Baby, You Can Drive My Carr . . . Or Maybe Not

The ink is barely dry on the Supreme Court’s decision in Carr v. United States, and already we have a contentious case in the Seventh Circuit questioning its meaning.  In Carr, the Court had to interpret a notoriously clumsy bit of legislation from 2006, the Sex Offender Registration and Notification Act (part of the so-called Adam Walsh Act).  SORNA makes it a federal crime for a person who is required to register as a sex offender to (1) travel in interstate commerce, and (2) knowingly fail to register or update a registration.  In Carr, the Court held that a person may not be convicted under SORNA based on travel that occurred prior to SORNA’s enactment.

At the time Carr was decided, the Seventh Circuit already had pending before it United States v.
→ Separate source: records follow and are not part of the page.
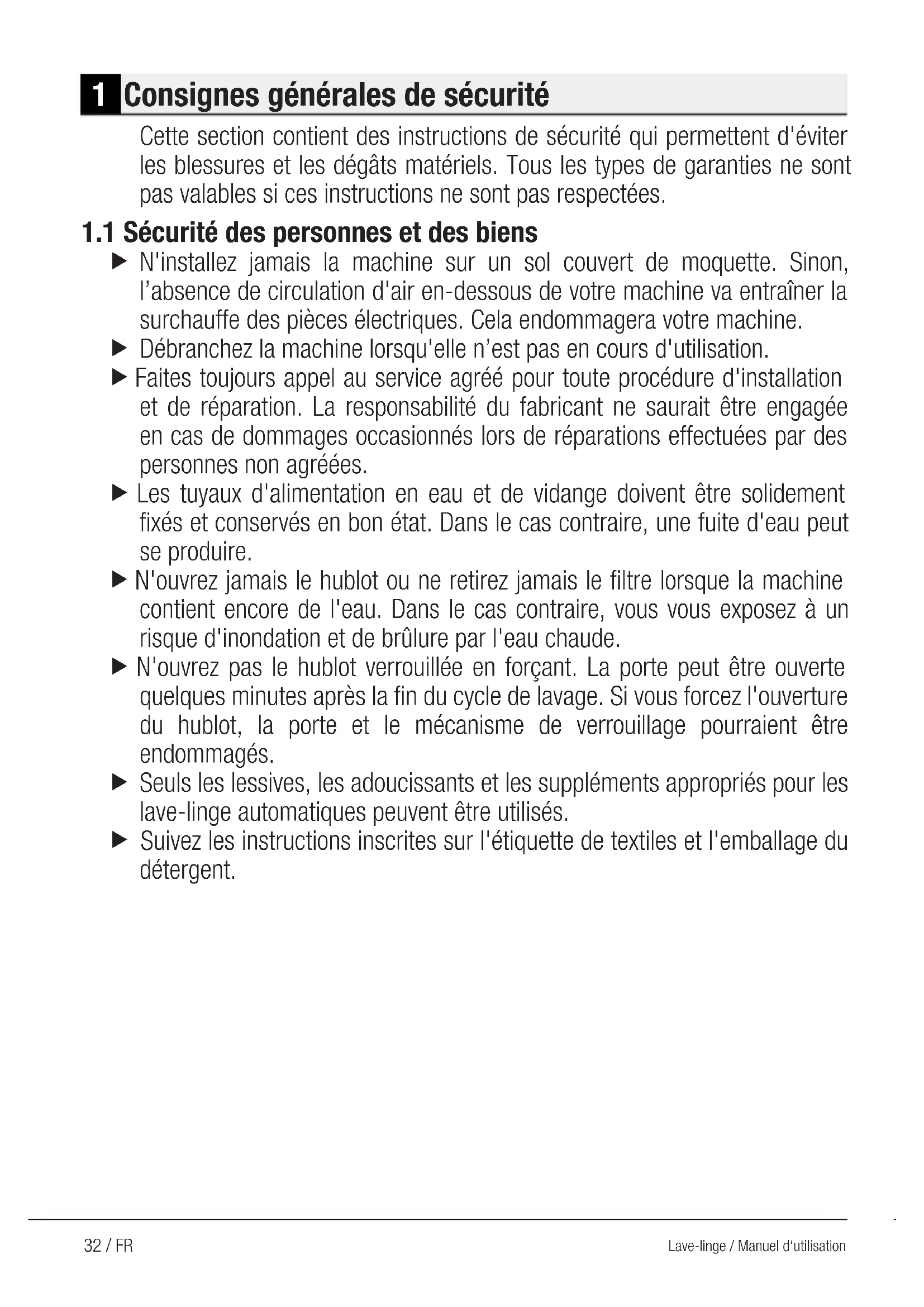 Washing machine32 / FR Lave-linge / Manuel d‘utilisation 1 Consignes générales de sécurité Cette section contient des instructions de sécurité qui permettent d'éviter les blessures et les dégâts matériels. Tous les types de garanties ne sont pas valables si ces instructions ne sont pas respectées.
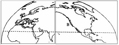 (2)该气候在A处分布面积比B处大的原因是_ ▲ _。(3分)
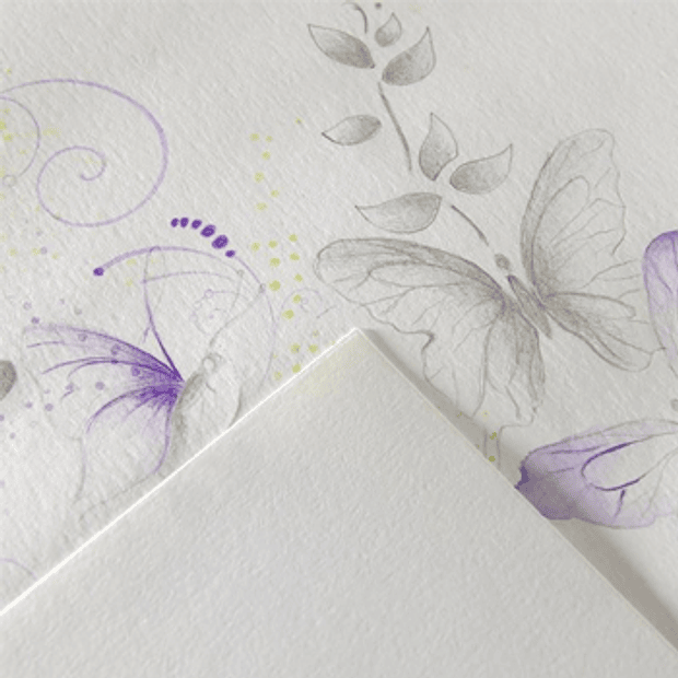 Imagine é um papel para técnicas mistas que oferece um toque excelente, um meio termo entre seda e veludo. Possui um aspeto branco natural bonito.

Vasquez.  Vasquez was convicted of a SORNA violation on the basis of stipulated facts that showed (1) he failed to register as a sex offender as he was required to do in Illinois, and (2) he subsequently traveled from Illinois to California for some undetermined purpose.  On appeal, Vasquez argued that the statute required the government to prove he had knowledge of his federal registration obligation, and that the statute exceeded Congress’s regulatory authority under the Commerce Clause.

The Seventh Circuit rejected these arguments in a majority opionion authored by Judge Bauer.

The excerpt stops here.